Large amounts of money move in and out of funds. As a result, this style of trading keeps the funds from having too much price movement. Large amount of basket trades are made by buying and selling multiple stocks.
Retail traders, i.e. us, trade using smaller blocks of shares. Especially if we're trading large cap stocks. We can trade options, which allows us to trade the more expensive stocks for less money.
Institutional traders trade blocks of 10,000 shares. As a result, they put a lot more money into their trades than an individual trader. The individual trader trades in a personal account which is a lot different than a pension fund.
As a result, different types of traders trade differently. Individual traders can't buy as many stocks as an institutional trader. However, the retail trader is in charge of their own account and how they trade it as well as what they invest in.

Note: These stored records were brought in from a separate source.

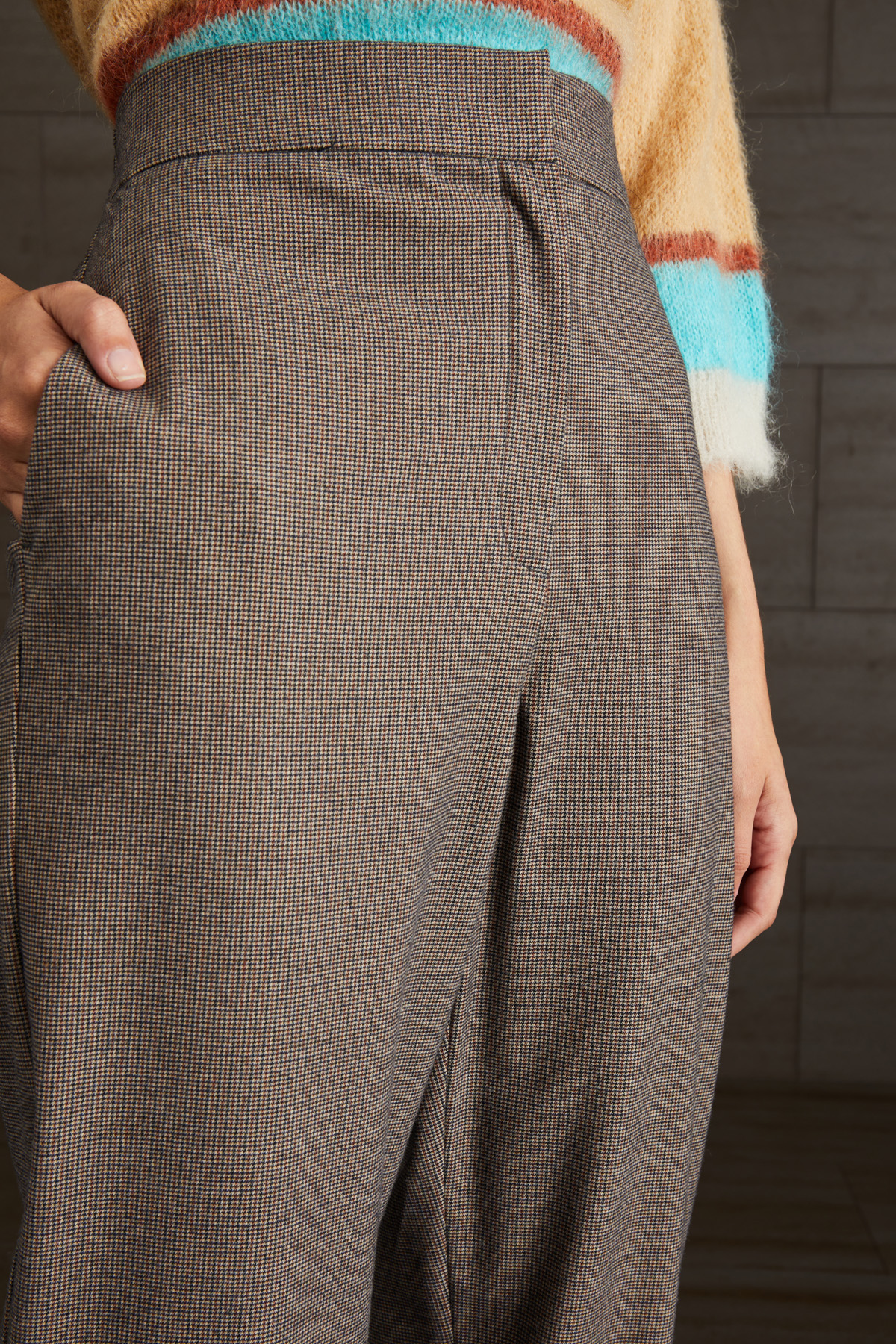 Pantaloni dalla linea stretta al fondo realizzati in tessuto di misto viscosa stretch tinto filo, con inserto elastico nel retro in vita e al fondo, tasche alla francese e allacciatura tramite zip e gancio.
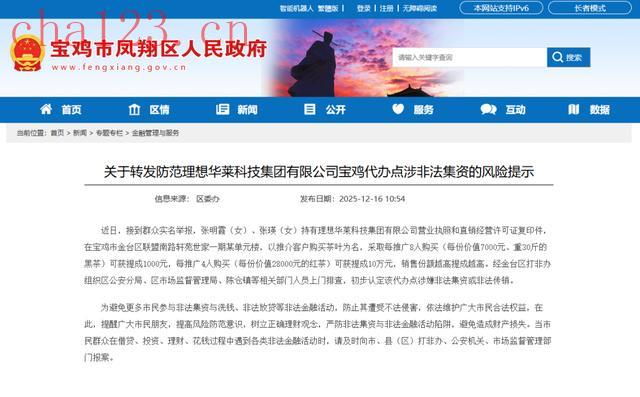 记者查询得知,全国多地市场监管部门曾发布以黑茶为媒介进行传销的风险提示。2025年12月15日、16日,宝鸡市政府官网、宝鸡市凤翔区人民政府官网先后发布《关于防范“理想华莱科技集团有限公司宝鸡代办点”涉嫌非法集资的风险提示》《关于转发防范“理想华莱科技集团有限公司宝鸡代办点”涉嫌非法集资的风险提示》。其中提到两名女性持有理想华莱科技集团有限公司营业执照和直销经营许可证复印件,推销茶叶获取高额提成,经金台区打非办组织区公安分局、区市场监督管理局、陈仓镇等相关部门人员上门排查,初步认定该代办点涉嫌非法集资或非法传销。
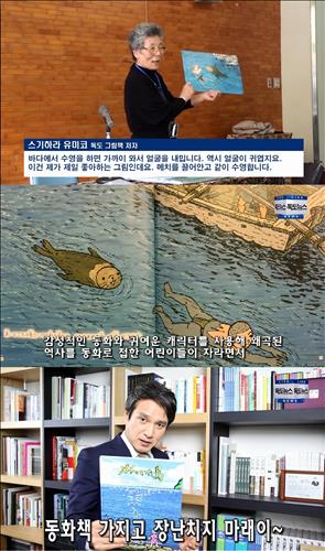 "그냥 보시면 아주 귀여운 강치를 캐릭터로 내세워 만든 동화인데요. 여기에는 많은 문제가 숨어 있습니다"라고 지적한다.

A BT usually holds at least 15 different stocks in it. It can also deal in commodities and currencies. As a result, any firm that offers basket trading usually has a minimum investment amount.
A basket trade can have many benefits. In fact, as an investor you can personalize the trade. For example, if you want a basket trade that contains dividend stocks, you can specify that.

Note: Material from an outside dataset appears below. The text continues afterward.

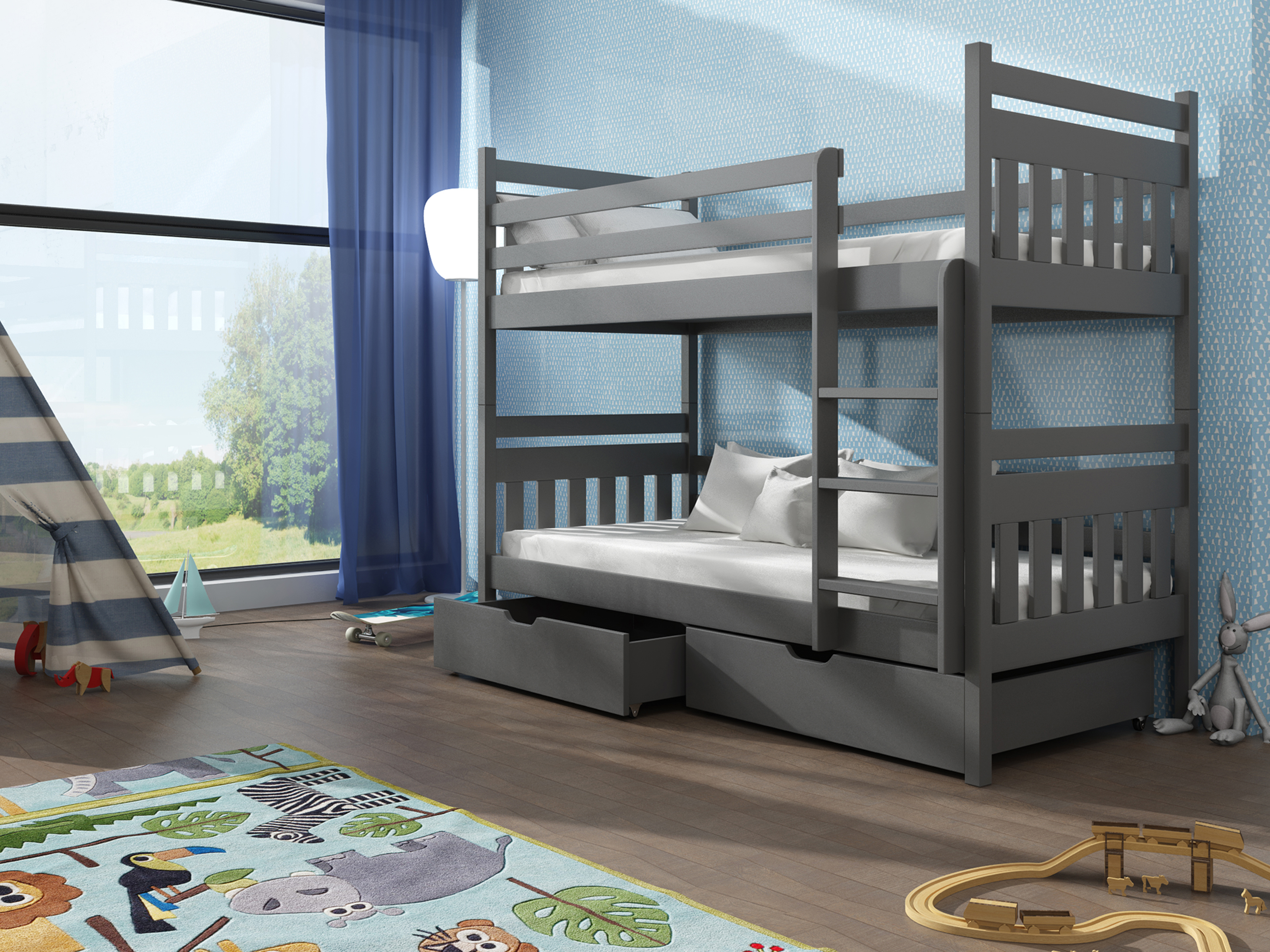 Pat pentru copii 80 x 180 cm ARAS (cu somieră și sp. depozitare) (grafit)

The company providing the basket trade can find a sector that has high dividend stocks. You can also research them yourself and come to your firm with a list you'd like them to buy.
As a result, you can allocate where the funds go. A basket trade distributes stocks by amount of shares, dollar amount and/or percentages. Basket trading makes allocating pretty easy for the investor.

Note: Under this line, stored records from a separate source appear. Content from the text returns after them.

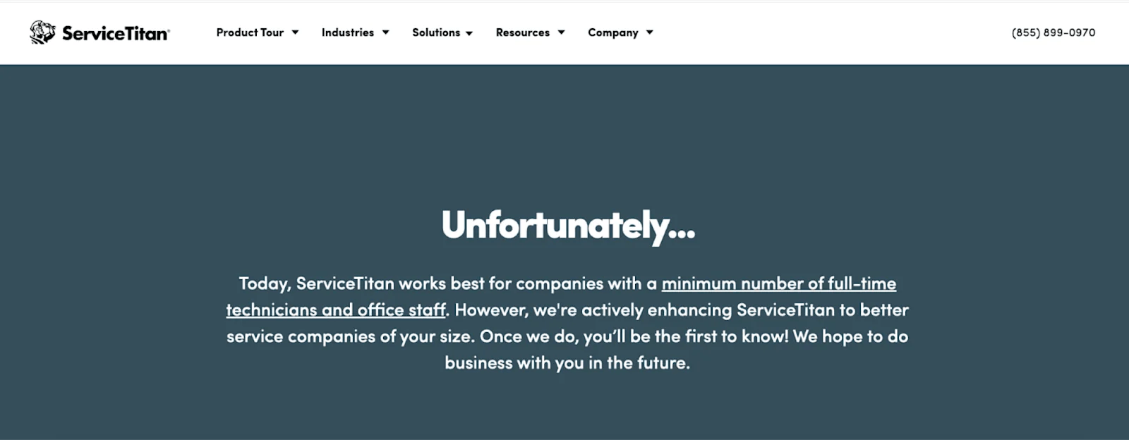 For companies that don't meet ServiceTitan's customer profile, they are redirected to a page that displays a message explaining why your company might not qualify for using its services.
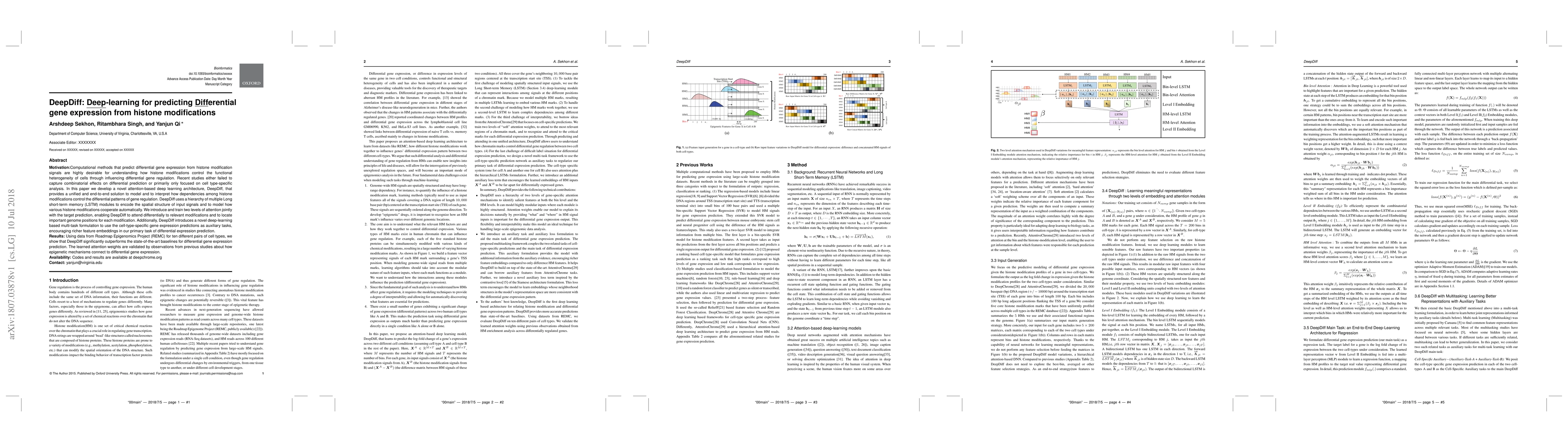 DeepDiff is a novel attention-based deep learning model that predicts differential gene expression from histone modifications, capturing combinatorial effects and improving over cell type-specific analyses. It employs hierarchical LSTM modules and multi-task learning to outperform existing methods, validated by biological observations.
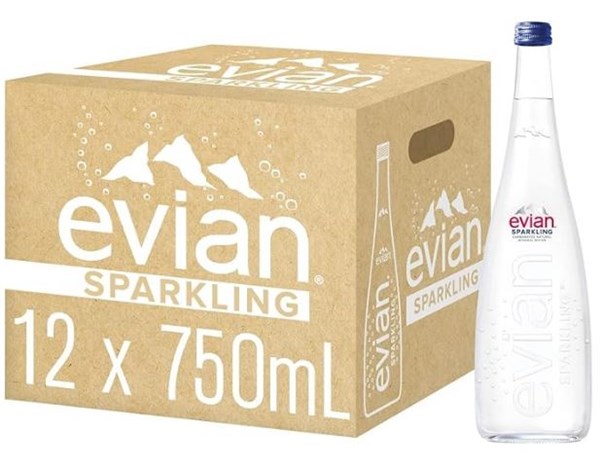 Evian Natural Mineral Water ? Sparkling (750ml Glass Bottles x 12)
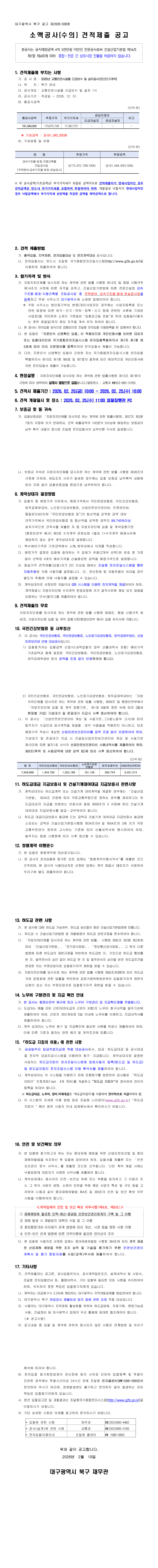 2026년 교통안전시설물 긴급보수 및 설치공사(연간단가계약) |
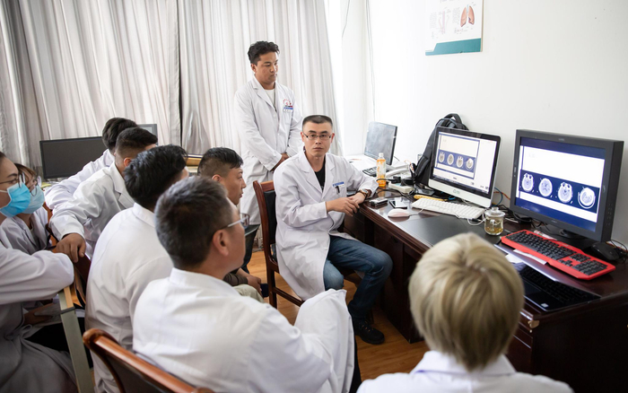 玉树州人民医院,第四批第一期北京援青医疗专家苏建伟(中坐)给影像中心医务人员做培训。

Since it's easy for the investor, it's easy to control where your money goes. You can make the decision to add or remove different stocks from your basket.
Another benefit to baskets is the fact that you you can track the basket as a whole instead of individual stocks. Since there are about 15 stocks in each basket, that's a whole lot more handy than having to check 15 stocks every time (find out when to use a stock loss vs stop limit order when trading).
Can an individual implement basket trading by themselves? Maybe to an extent but not in the full definition of the basket trade. Since a basket typically holds around 15 stocks, it might not be feasible for the individual.
It's important to remember that firms also buy blocks of 10,000 shares. So 10,00 shares for 15 stocks is 150,000 shares of stocks give or take. That doesn't take into account what kind of stocks and how much each share costs.
Penny stocks might be the only way to have 150,000 shares not need a ton of money to BT. However, that's incredibly risky and not advised.
If you as the individual want to try BT but find that it's too expensive to go through a firm, you could try a modified version. However, you have to be diligent about checking it to make sure it's working.
Instead of 15 stocks at 10,000 share blocks, maybe do 4 stocks in 100 share blocks. Allocate 2 of them for shares and 2 of them for options contracts. However, you need to look at the charts to make sure you're getting good positions.
BT is used for long term investing but you still want to find good stocks with the potential for growth. Don't buy a stock that's overbought near resistance levels. Watching it pull back isn't going to be fun.
The stock market trades in cycles. As a result, what goes up will come down. Hence long term investing can be a roller coaster. That's why many people have firms watch the ups and downs for them (check out our stock market basics page if you need more help with trading).
A basket trade is a long term investing strategy used by investment companies. Baskets typically hold 15 different stocks in large quantities. The reason for this is to control price fluctuations to keep a portfolio in the green.